Theorizing Modernities article

Wonderwork

Contemplating St. Mark’s life and death, Tomb of St. Mark the Martyr. Patriarchate Cathedral of St. Mark ‘Abbasiyya. Photo by Angie Heo. Used with permission from University of California Press.

Towards the end of The Political Lives of Saints, Angie Heo says an imperative notion in a very quiet way: “The repression of holiness is, in fact, what animates the social imaginary of the wonderworking underground” (213). The entirety of what precedes proves the political fact of this sotto voce assertion. Once you read it, you pause: right. That’s exactly right.

Freckling this volume are instances like these, poignant encapsulations of the theoretical frontier where Heo draws her readers. “Collective images of the self are necessary for communal self-transformation,” we read in one early chapter (38). “To the extent that Christians and Muslims have mixed sensibilities of what a saint or wonderworker does and looks like, they thus compose a shared religious public” (180). The data of this volume doesn’t ascend to a lengthy abstract disquisition about the anthropology of mediation. Instead, The Political Lives of Saints is an in-depth drop into the political work of boundary maintenance between Christianity and Islam in Egypt. “The sectarian divide is owed, not to essential, irreconcilable differences between Christianity and Islam but to common points of overlap between Christian and Muslim practices of visual mediation and saintly manifestation that enabled public disorder” (204). Holy power transacted in the common currency of saints is the integrant of communal difference. Through this book, Heo never wavers from her practical effort to convey the ecumenism of saints in the diversity of community.

Miracle of the Virgin, Church of St. Bishoi the Great, Port Said. Photo by Angie Heo. Used with permission from University of California Press.
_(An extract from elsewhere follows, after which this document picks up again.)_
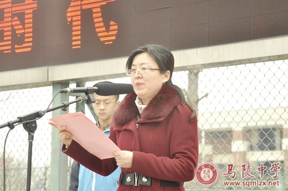 随后,校长王丽梅代表学校党政领导致新年贺词。王丽梅回顾了学校2017年的辉煌成绩,并展望了2018年的美好前景,她指出:2018年是我校提升教育教学质量、实现可持续发展的关键年。我们将进一步集中全体陵中人的智慧和力量,激发奋斗热情,围绕学校质量提升和特色打造,进一步“优机制、活要素;创模式、抓落实;健体系、显实效”,为建设优质品牌高中而奋斗。她号召全体师生,在新的一年里,携手同心、勇毅笃行,扬帆破浪、锐意创新,奋力践行陵中核心价值体系,共同为建设“市内一流、苏北领先、百姓满意”的品牌高中而奋斗,实现学校新的更大的跨越!
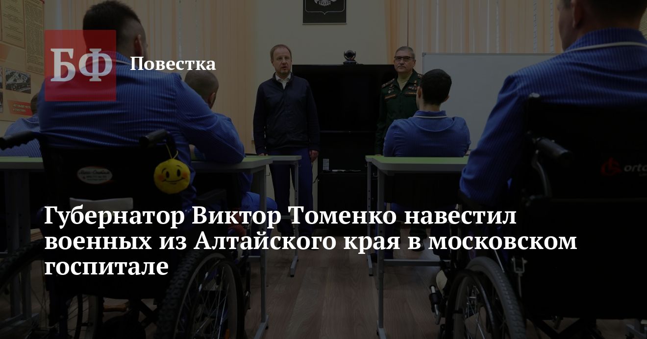 Глава Алтайского края посетил военный госпиталь, где проходят лечение и реабилитацию бойцы из региона. Как сообщила пресс-служба правительства, Виктор Томенко пообщался с военнослужащими, ответил на их вопросы, в том числе о мерах поддержки для инвалидов. Сам он также рассказал о встрече в своих соцсетях.

I have run a bit too far ahead, perhaps. Angie Heo exposes here a particular situation in which the mediation between two religious groups (Christian and Muslim) composes the state in which they mediate (Egypt). Heo looks at a variety of specific material things—a hand exuding oil, a saint’s relic, or a film depicting a saint’s death—but doesn’t linger on that object’s physical particularity as much as she focuses on the “embodied skills and media technologies” that connect communities to those things. How are we able to kiss or press our face into one particular artifact? How do we know the meaning of a priest’s hand as we embrace it? It isn’t a stock image of holiness Heo examines, but the way baraka, holy power, becomes ours. Baraka channels through air, oil, and fragrance; also, too, it travels through “tactile sympathy and televisual extension” (77). And its travel is round-trip, sent back by me as something else after the smear becomes spirit. The oil or the hand aren’t the point, but the process. The mediating witness is the power of holy power.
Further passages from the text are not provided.